The trusted hospitality team behind local favourites Farmhouse and Oh Boy, Bok Choy is bringing a culinary experience rarely seen in Australia to Stafford by launching a 90-seat authentic New Mexican taqueria rooted in a deep family history.
A Family Legacy

Sancho Taqueria & Tequileria is slated to launch at Stafford Central in early to mid-June 2026. Rather than simply chasing the latest dining trends, owner Amanda Scott has built the venue around her family’s personal connection to the American Southwest. Her father moved to New Mexico as a child, where he fell in love with the local culture and language. He later married Scott’s mother in Albuquerque and honeymooned in Santa Fe, making the region’s food a staple in their household.
Scott shared that her parents’ affection for the region shaped their family history, and now her own children are the third generation to embrace this heritage. She explained that her father’s passion for the area led him to learn Spanish, study in Madrid, and develop a deep appreciation for Hispanic literature. The restaurant actually takes its name from Sancho Panza, the famously loyal sidekick in her father’s favourite Spanish novel, Don Quixote.
The Red or Green Question

Diners will find a menu that steps away from standard contemporary Mexican fare. Instead, the kitchen focuses on the landlocked cuisine of New Mexico, which blends Native American Pueblo, Spanish, Mexican, and American frontier influences. Developed alongside consultant chef Julius Villamor, the taco-heavy menu is largely gluten-free and relies on the traditional Indigenous agricultural staples of corn, beans, and squash.
Visitors will also get to experience New Mexico’s official state question regarding their chilli sauce preference: red or green. Guests can choose a rich and earthy red sauce, a savoury and herbaceous green sauce, or simply ask for “Christmas” to get a portion of both. Everything is made from scratch, favouring deeply charred and smoked flavours.

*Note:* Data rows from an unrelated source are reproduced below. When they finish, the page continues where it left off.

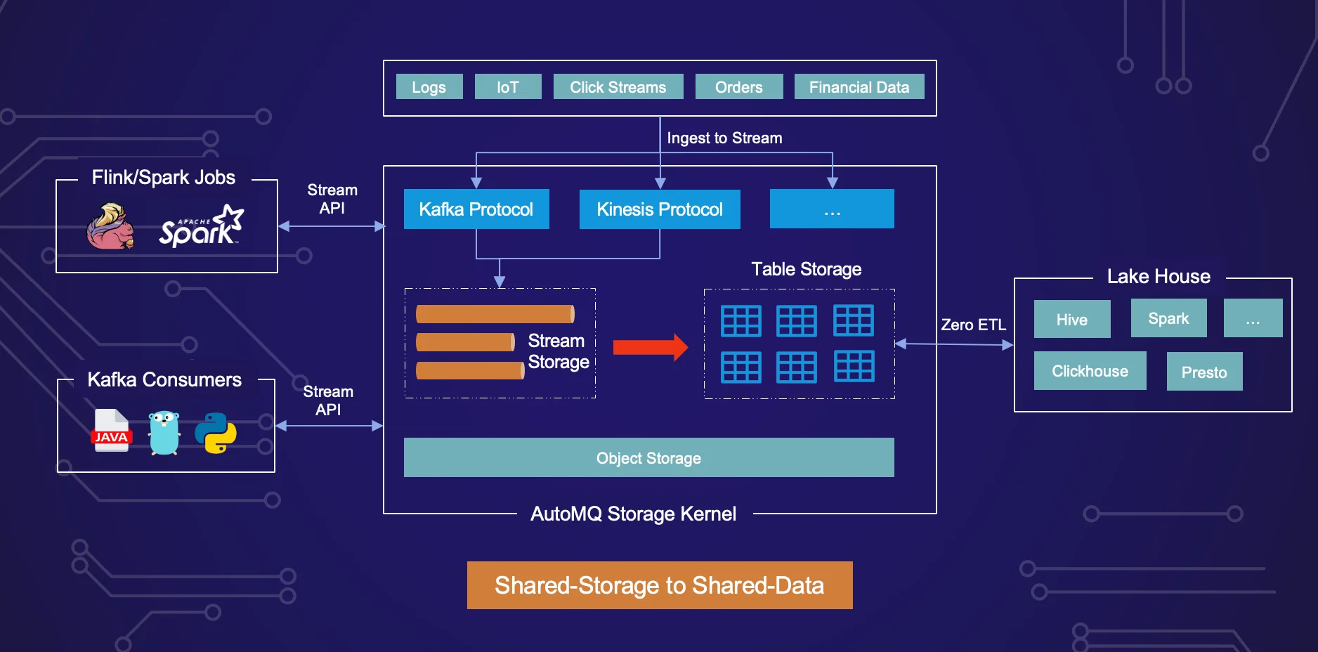 Finally, we'll peer into AutoMQ's future, where it plans to transition from the traditional shared-storage model to a more dynamic shared-data approach by integrating stream data into data lakes. This paradigm shift promises to enhance AutoMQ's capabilities, breaking down data silos and enabling comprehensive data access.
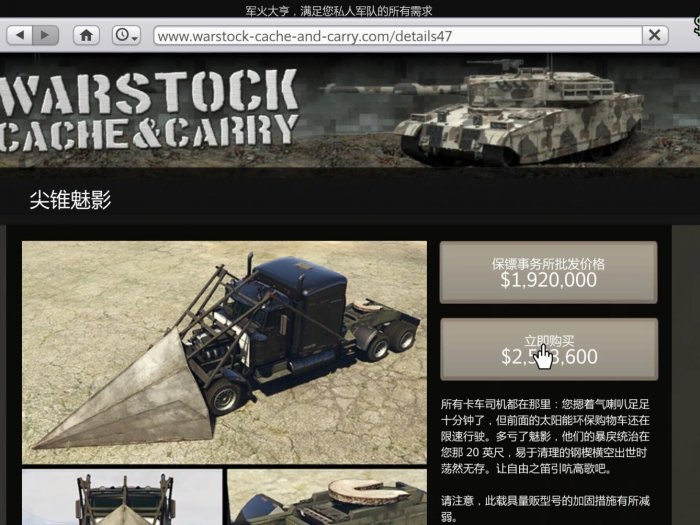 想要获取尖锥魅影,如果各位没有购入新手包,则需要购入一个办公室,并且解锁一个载具仓库,办公室最便宜的是花园银行西岸起购价1000000,然后需要再购买一个载具仓库,最便宜的是位于布罗高地的载具仓库,购买价格1635000,如果没有钱的小伙伴也可以不用购买,因为尖锥魅影只能让做长鳍任务的速度提升,其他的并没有什么用处。(在此任务中)
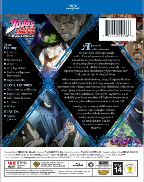 Special Features: Clean Opening and Ending, English Cast Interviews, JoJo’s Bizarre Fandom, Art Gallery, Trailers.
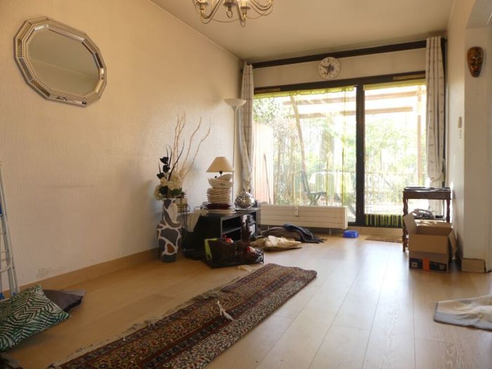 Au rez-de-chaussée : un lumineux séjour donnant directement sur une terrasse, ainsi qu'une cuisine fonctionnelle.
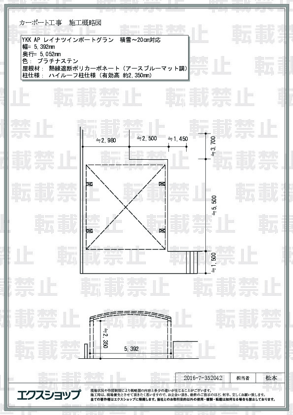 昨年購入した車両は高さが2,250mmあり構造的にルーフには乗れず、洗車がとても大変で苦労していました。現在3連のカーポートはありますが高さが2,400mmの所があり納まりません。高さがクリアーできるカーポートを探した所エクスショップに辿り着きました。価格、保証等説明を聞き、クチコミにも後押しされ決めさせて頂きました。現地調査も準則にして頂き設置も近くの業者様により、2日で完了しました。設置後雨が降りましたが、車両が濡れないため雨垂れ等無くとても満足しております。また機会がありましたらその際は是非お願いしたいと思います。大変有り難う御座いました。
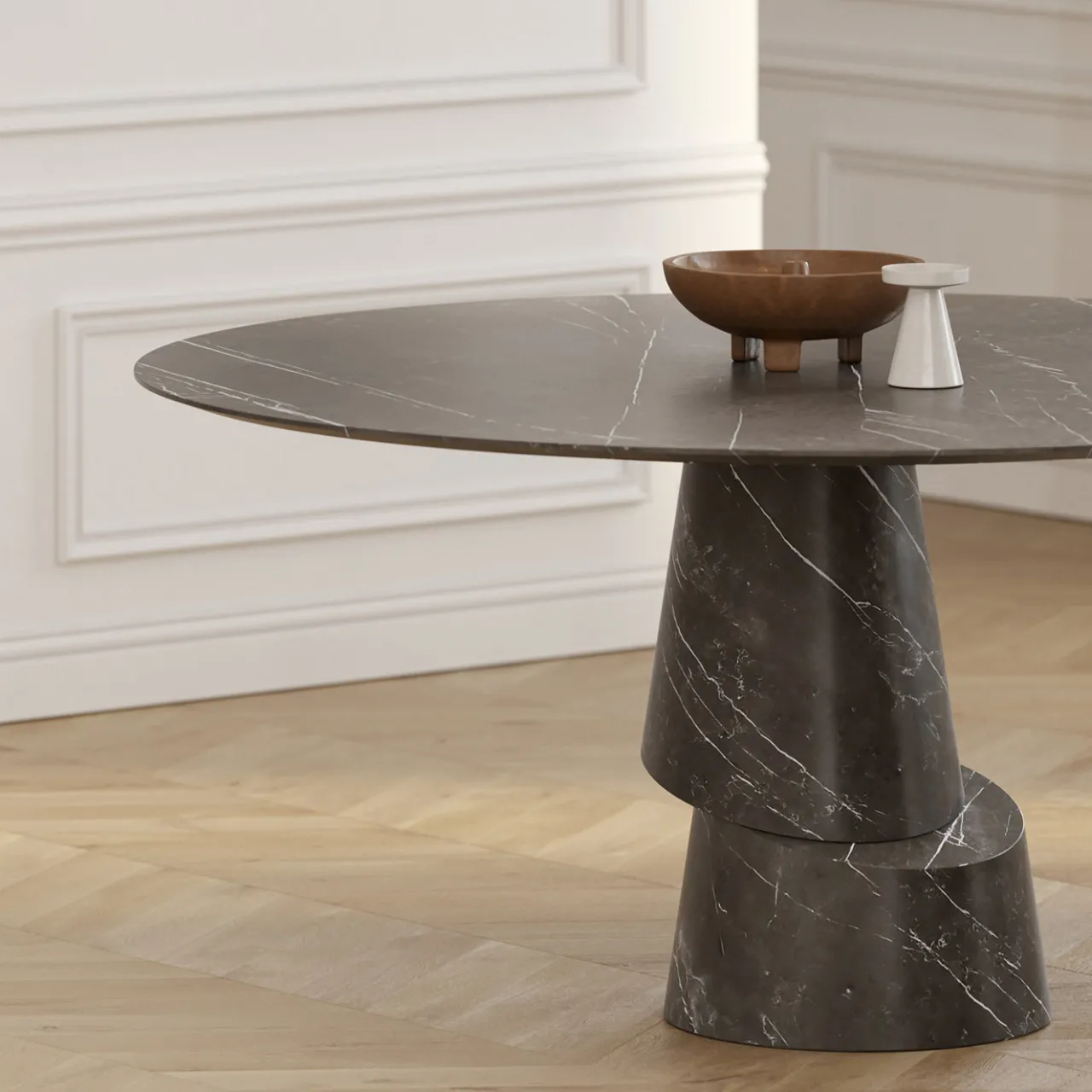 Tavolo da pranzo rotondo Slice in pietra grafite*Etamorph Outlet
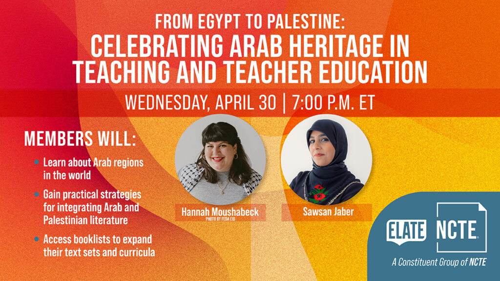 NCTE members are invited to join English Language Arts Teacher Educators (ELATE) and Hannah Moushabeck and Dr. Sawsan Jaber in celebration of National Arab American Heritage Month. This enriching event will uplift Arab literature and culture, with a particular focus on Palestine.
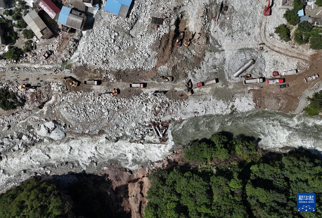 8月5日,在四川甘孜州康定市姑咱镇日地村,救援人员操作机械疏通国道318线(无人机照片)。
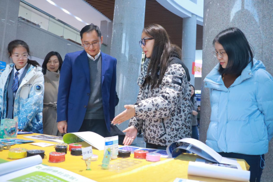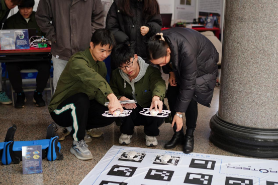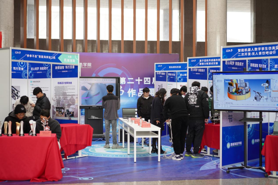 智能制造学院带来了今年机械创新设计大赛省一等奖作品“参参不息”智能海参加工机,以及最新设计的智能机器人——“得闲来饮”茶饮吧项目;自动化学院的无人机编队实现智慧飞行,吸引众多师生驻足观看;现代信息技术学院AI数字人、VR实景体验,让同学们在观展的互动体验中感受到了极大的乐趣;数字商贸学院将直播间搬到科技技能节现场,还原了直播带货的幕前幕后真实场景;创意设计学院通过《少年刘伯温现代游记——廉洁书签摆件》、《渔隐——文创香插作品》等优秀文创作品,展现大学生廉洁教育成果;智慧交通学院的飞轮动态平衡双轴自行车刷新了大家对自行车的传统认知;增材制造学院带来自行设计的新能源发动机及兵马俑造型等砂型3D打印模型展示;国际教育学院展示了留学生们带来的书法作品及中华传统乐器古筝演奏等“一带一路”文化传播成果。此外,各二级学院展台还配备专业的学生讲解员,用生动的描述、丰富的视效和详实的数据,全面系统展示今年以来学生取得的创新成果。同学们在展位前驻足观看,既为大家取得科技创新成果感到欢欣鼓舞,也对自己今后的学习努力、技术技能提升充满信心。
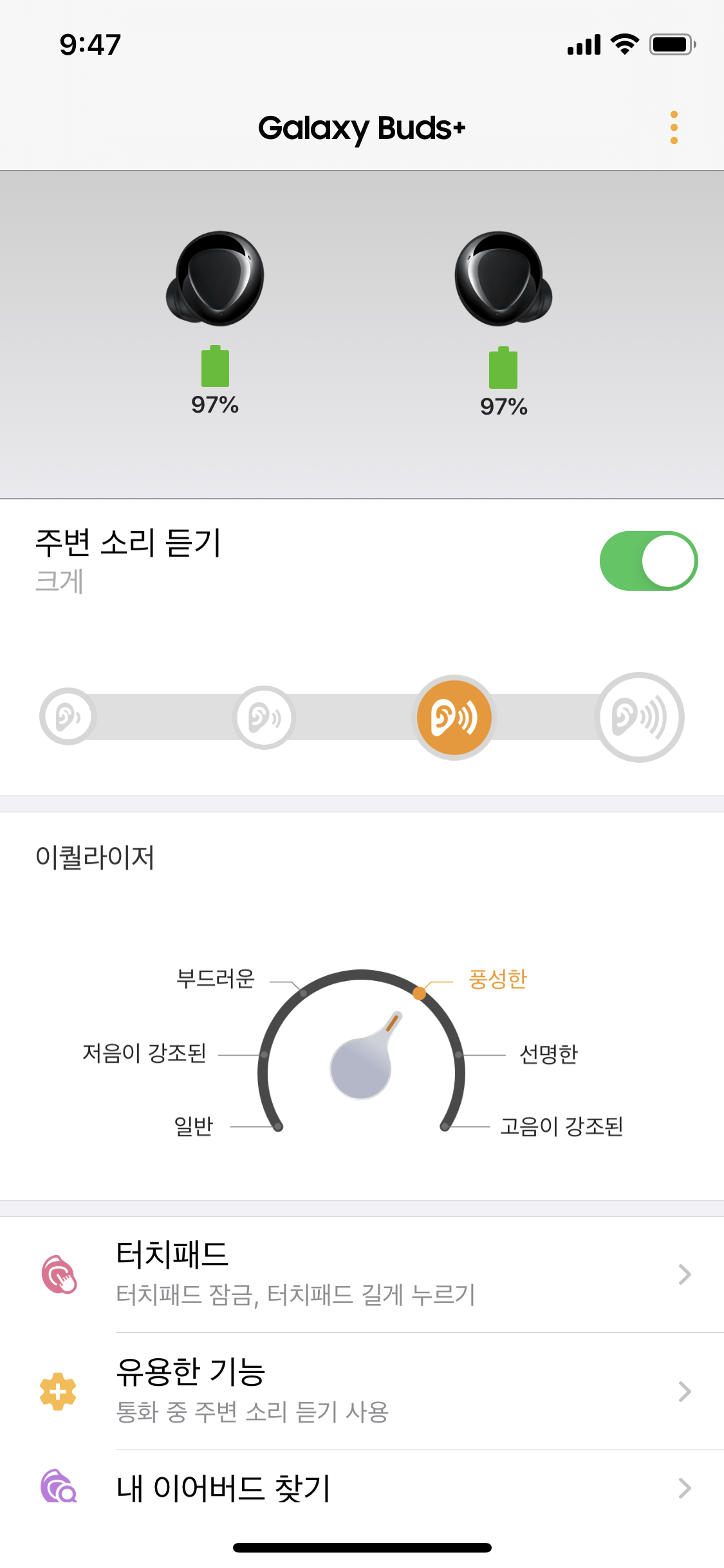 이제는 아이폰에서도 전용 앱으로 음질, 터치 설정 등을 할 수 있게 돼서 아이폰 유저로써는 제일 체감되는 개선점이라고 생각된다.
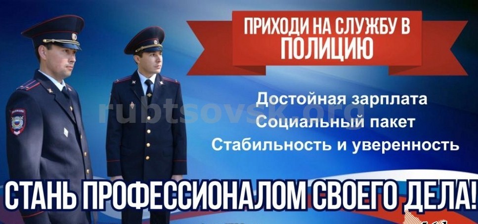 МО МВД России «Рубцовский» объявляет набор кандидатов на должности участковых уполномоченных полиции. Предъявляемые требования: - гражданство РФ; -служба в Вооруженных Силах РФ; -возраст от 18 до 35 лет. - образование: высшее, среднее профессиональное (юридическое). Полный социальный пакет, заработная плата 35-50 тысяч рублей, льготный проезд к месту проведения отпуска сотруднику полиции и члену его семьи, санаторное лечение и другие гарантии.
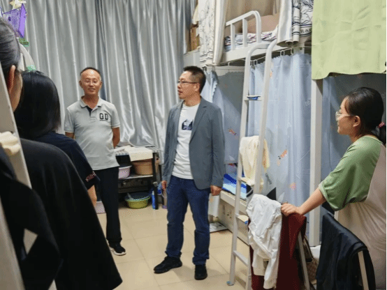 在学生宿舍,学院领导、老师与同学们亲切交谈,细致了解同学们的到校情况、新学期的学业规划及生活需求,希望同学们及时调整好作息,注重身体健康,以饱满的精神状态投入到学习工作中。
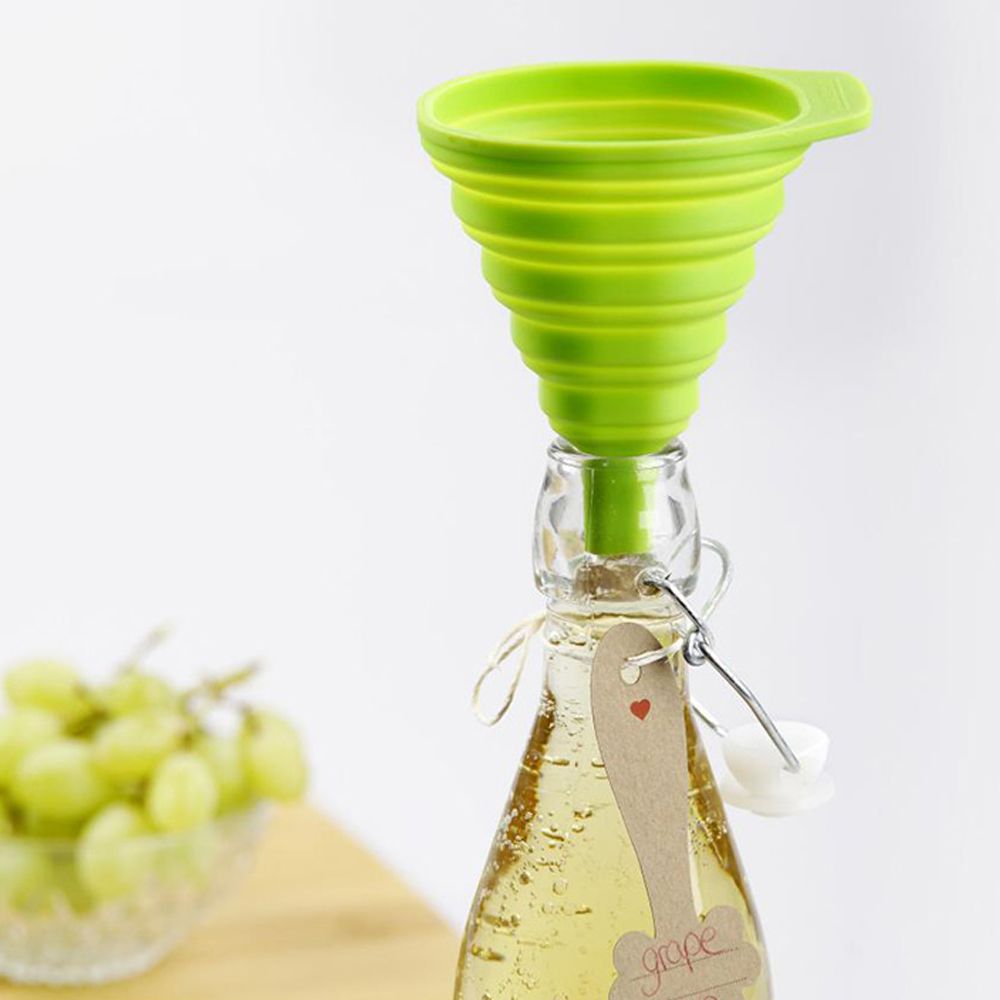 Embudo Plegable De Silicona, Food&More, Material: Silicona, Ø85X35-100Mm, Excelente Para Pasar Líquidos De Un Recipiente A Otro Sin Que Se Derramen, Especialmente Para Llenar Botellas Que Tienen El Cuello Estrecho, Apto Para Lavavajillas, Color Verde
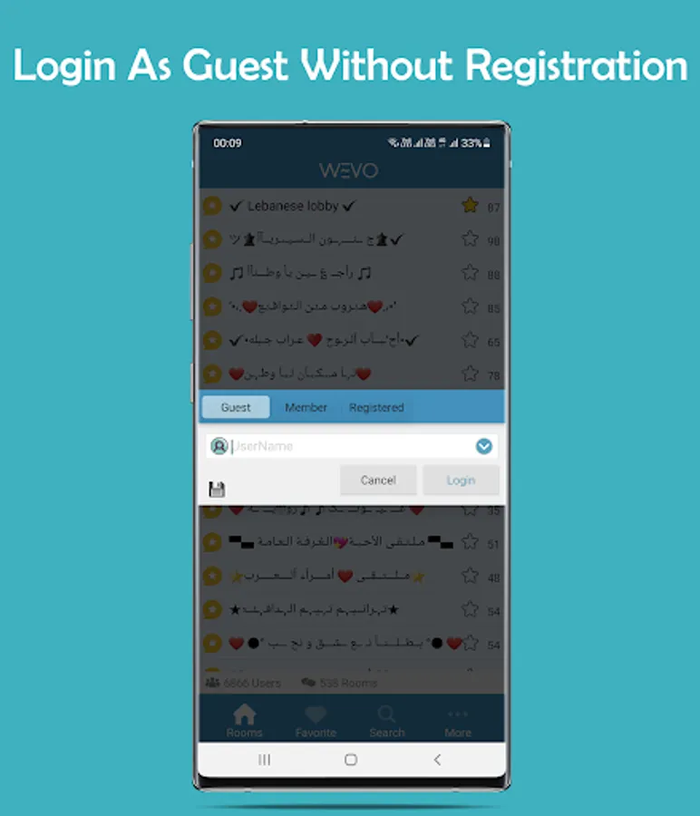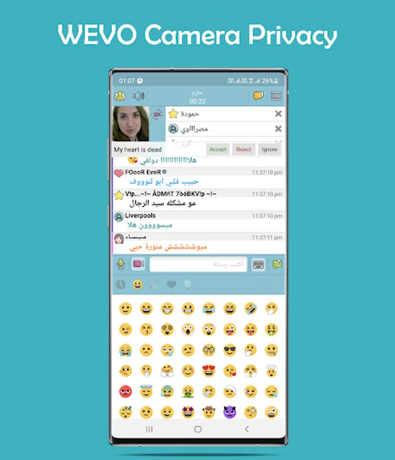 WEVO, Now you can chat (audio,video) with your family and thousands of users in the world for free, and have the fun using Wevo rooms.

Traditional regional baked goods will also make an appearance, including pillow-shaped fried pastries known as sopapillas and anise-spiced shortbreads called bizcochitos, which hold the title of New Mexico’s official state cookie. Scott noted that the new location draws heavily on her family’s past cultural connections, local produce, and the expertise of her staff.
Sunset Aesthetic and Curated Spirits
The drink selection focuses heavily on a carefully chosen range of tequila and mezcal. Signature cocktails are named after various New Mexican towns to complement the food. The Pueblo Margarita, for example, mixes reposado tequila with prickly pear syrup, fresh lime, orange bitters, and a chilli-tajin rim to create a colour that looks just like a mountain sunset. Drinkers will even find a map on the back of the beverage menu to help them locate the towns that inspired their drinks.
The design of the space completely avoids common visual clichés like hanging sombreros or chillies. Instead, the bright, understated dining room, bar, laneway, and al fresco areas are decorated in burnt oranges, hot pinks, and ochre undertones to mimic golden hour in the Sandia Mountains. Scott mentioned that the venue will feel like an unexpected escape on an ordinary street, allowing guests to forget their location, and will sprawl out much like their previous restaurant concepts.